Umas semanas atrás, eu estava naquela belezura que é Tiradentes, cobrindo a mostra de cinema da cidade. Como a vida é muito cheia das sutilezas, é sempre lá que encontro uma amiga querida, a Flávia, sem que a gente combine. É só dar um rolê ali pelo Largo das Forras, a praça principal, que de repente ouve-se: ” Ô Júlia”, “Ô Flavinha!”, e dali engatamos para um papo para recapitular os meses ou anos que se passaram desde que a gente se viu ali, em meio ao barroco e aos cinéfilos, pela última vez.
Neste ano não foi diferente. Estava terminando uma entrevista quando ela chegou ao centro cultural onde eu estava, batemos um papo e começou a chover como se Noé fosse reunir a bicharada toda em seu barquinho de novo. Papo vai, papo vem e nada de chuva passar. Até que ela sugeriu: “Tem um bar do outro lado da rua, vamos tomar uma cerveja até estiar esse aguaceiro?”. “Claro”, respondi sem pestanejar.
Entre um copo e outro, falamos nostalgicamente sobre os tempos de faculdade; sobre amigos em comum; sobre Juiz de Fora; sobre as agrruras de ser adulta; sobre feminismo; sobre cinema; sobre a vida alheia; sobre nada. Em algum momento, chegamos à porta do botequim. Choviscava um pouco ainda, mas o céu estava com uma luz que eu nunca havia visto antes, um tom de sépia muito iluminado, que refletia sobre os telhados sem eira nem beira de Tiradentes. Parecia que estávamos em uma fotografia. Ficamos maravilhadas e tivemos a sorte de perceber aquele por do sol, que nem dos minutos rendeu. Foi um privilégio para os poucos que estavam contemplando o nada, como nós.

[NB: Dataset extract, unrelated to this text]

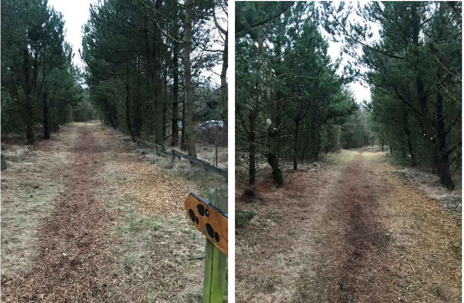
Nydeligt klippede stier i fællesområderne – det giver lys og plads.

Egon lovede at sende et par billeder til bladet fra stierne.
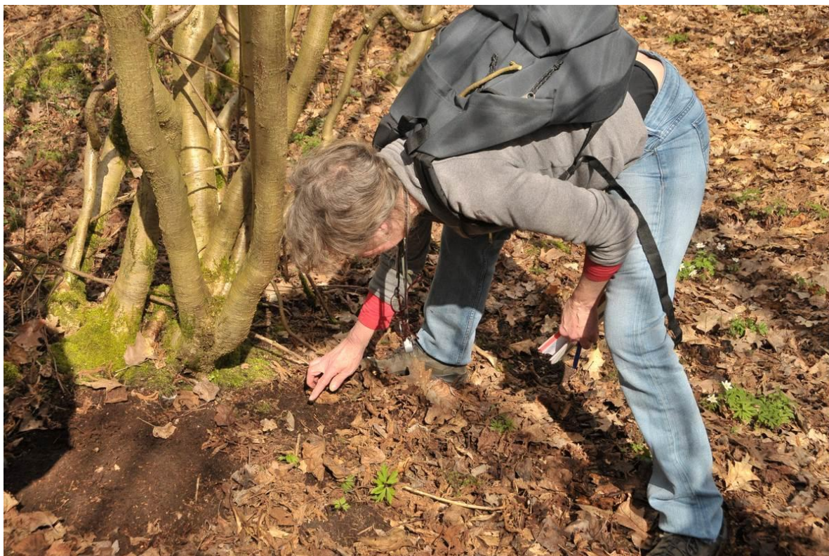
Ine op truffeljacht

Foi aí que a Flávia, sempre meio “paz e amor”, soltou, sem se dar conta da profundidade do que estava dizendo: “É, a luz mágica dura só cinco minutos mesmo. Quem viu, viu. Quem não viu, já era”. Na hora, concordei, mas dei pouca importância. Fomos ver filme na praça, choveu tiraram o filme. Jantamos, li um roteiro dela, discutimos o filme, rimos até a cara doer, assistimos a um show de MPB, dançamos, e eu finalmente me cansei e fui para o hotel dormir. Feliz. Só então percebi que naquele dia, eu realmente tinha visto a luz de que a Flavinha falava, que tinha muito menos a ver com as nuances do entardecer que vimos.
Como o breve intervalo de sépia do por do sol, a tal iluminação “mágica” aparece na vida. Mas os dias vão passando e seguimos ocupados demais para apreciar qualquer coisa que não seja uma obrigação. Mas não replay para voltar às cenas perdidas. Nem à tal luz. “Quem viu, viu.. Quem não viu, já era”. No tempo de uma existência inteira, você é capaz de se deixar encantar pelos cinco minutos de luz?